Return significance-filtered keywords, sorted by absolute effect size.

Parameters:

Name Type Description Default
top int | None

Maximum number of keywords (positive and negative combined) to keep; None keeps all significant keywords.

None

Returns:

Name Type Description
A KeywordTable

class:KeywordTable of the significant, directional rows.

Contract
  • Only rows significant at p<0.05 (log-likelihood) and with a non-neutral direction are included.
  • Rows are ordered by absolute effect size, descending.

Examples:

>>> from collections import Counter
>>> focus = Counter({"climate": 30, "the": 80})
>>> reference = Counter({"climate": 2, "the": 78})
>>> k = Keyness(focus, reference)
>>> [r.type for r in k.keywords(top=5)]
['climate']
Source code in keyflux/keyness/keyness.py
def keywords(self, top: int | None = None) -> KeywordTable:
    """Return significance-filtered keywords, sorted by absolute effect size.

    Args:
        top: Maximum number of keywords (positive and negative combined) to
            keep; None keeps all significant keywords.

    Returns:
        A :class:`KeywordTable` of the significant, directional rows.

    Contract:
        - Only rows significant at p<0.05 (log-likelihood) and with a
          non-neutral direction are included.
        - Rows are ordered by absolute effect size, descending.

    Examples:
        >>> from collections import Counter
        >>> focus = Counter({"climate": 30, "the": 80})
        >>> reference = Counter({"climate": 2, "the": 78})
        >>> k = Keyness(focus, reference)
        >>> [r.type for r in k.keywords(top=5)]
        ['climate']
    """
    rows = [
        r
        for r in self._rows
        if r.direction != "neutral" and is_significant(r.significance)
    ]
    if top is not None:
        rows = rows[:top]
    return KeywordTable(rows=tuple(rows), repro=self._repro(top))

lockwords(*, max_ll=measures.CHI2_CRITICAL['p05'], max_abs_log_ratio=0.5, min_freq_both=5)
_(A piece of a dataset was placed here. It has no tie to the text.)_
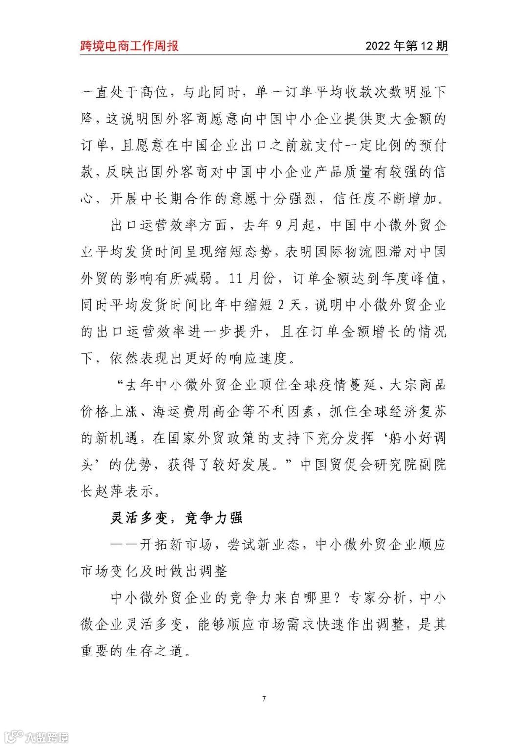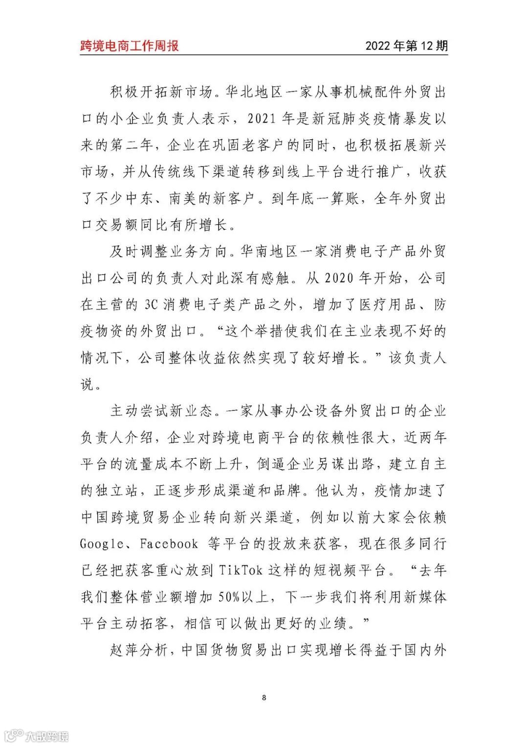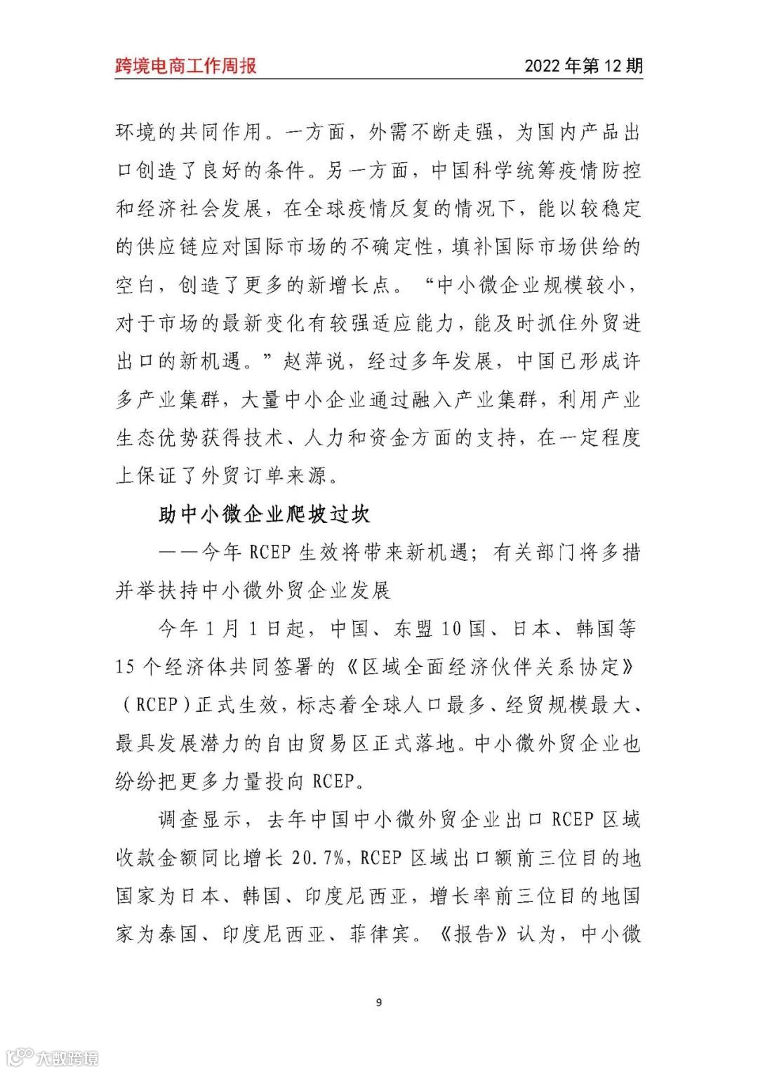 导读:【跨境电商周报2022年第12期】以“中小微”为主的民营外贸企业去年进出口总额增长26.7%

Return lockwords: stable types with comparable frequency in both corpora.

Parameters:

Name Type Description Default
max_ll float

Lockwords must have a log-likelihood below this (not significant at p<0.05 by default).

CHI2_CRITICAL['p05']
max_abs_log_ratio float

Lockwords must have an absolute log ratio at or below this (relative frequencies near parity).

0.5
min_freq_both int

Lockwords must occur at least this many times in BOTH corpora (they are stable, frequent words — not rare noise).

5

Returns:

Type Description
list[KeynessRow]

Lockword rows, most frequent first.

Contract
  • Lockwords are disjoint from keywords: the log-likelihood ceiling is the same threshold that defines significance.
  • Requires evidence in both corpora, so exclusives are never lockwords.

Examples:

>>> from collections import Counter
>>> focus = Counter({"the": 800, "climate": 30})
>>> reference = Counter({"the": 790, "climate": 2})
>>> k = Keyness(focus, reference)
>>> [r.type for r in k.lockwords()]
['the']
Source code in keyflux/keyness/keyness.py
def lockwords(
    self,
    *,
    max_ll: float = measures.CHI2_CRITICAL["p05"],
    max_abs_log_ratio: float = 0.5,
    min_freq_both: int = 5,
) -> list[KeynessRow]:
    """Return lockwords: stable types with comparable frequency in both corpora.

    Args:
        max_ll: Lockwords must have a log-likelihood below this (not
            significant at p<0.05 by default).
        max_abs_log_ratio: Lockwords must have an absolute log ratio at or
            below this (relative frequencies near parity).
        min_freq_both: Lockwords must occur at least this many times in BOTH
            corpora (they are stable, frequent words — not rare noise).

    Returns:
        Lockword rows, most frequent first.

    Contract:
        - Lockwords are disjoint from keywords: the log-likelihood ceiling is
          the same threshold that defines significance.
        - Requires evidence in both corpora, so exclusives are never lockwords.

    Examples:
        >>> from collections import Counter
        >>> focus = Counter({"the": 800, "climate": 30})
        >>> reference = Counter({"the": 790, "climate": 2})
        >>> k = Keyness(focus, reference)
        >>> [r.type for r in k.lockwords()]
        ['the']
    """
    rows = [
        r
        for r in self._rows
        if r.statistic < max_ll
        and abs(r.effect_size) <= max_abs_log_ratio
        and r.focus_count >= min_freq_both
        and r.reference_count >= min_freq_both
    ]
    rows.sort(key=lambda r: r.focus_count + r.reference_count, reverse=True)
    return rows

table()

Return the full per-type table, sorted by absolute effect size.

Returns:

Type Description
list[KeynessRow]

Every scored row (one per type clearing the minimum frequency).

Examples:

>>> from collections import Counter
>>> k = Keyness(Counter({"a": 30}), Counter({"a": 5, "b": 20}),
...             min_focus_freq=1, min_reference_freq=1)
>>> len(k.table())
2
Source code in keyflux/keyness/keyness.py
def table(self) -> list[KeynessRow]:
    """Return the full per-type table, sorted by absolute effect size.

    Returns:
        Every scored row (one per type clearing the minimum frequency).

    Examples:
        >>> from collections import Counter
        >>> k = Keyness(Counter({"a": 30}), Counter({"a": 5, "b": 20}),
        ...             min_focus_freq=1, min_reference_freq=1)
        >>> len(k.table())
        2
    """
    return list(self._rows)

keyflux.keyness.keyness.KeywordTable dataclass

A significance-filtered, effect-size-sorted set of keywords.

Attributes:

Name Type Description
rows tuple[KeynessRow, ...]

The keyword rows, sorted by absolute effect size (descending).

repro ReproRecord

The reproducibility record for the run that produced them.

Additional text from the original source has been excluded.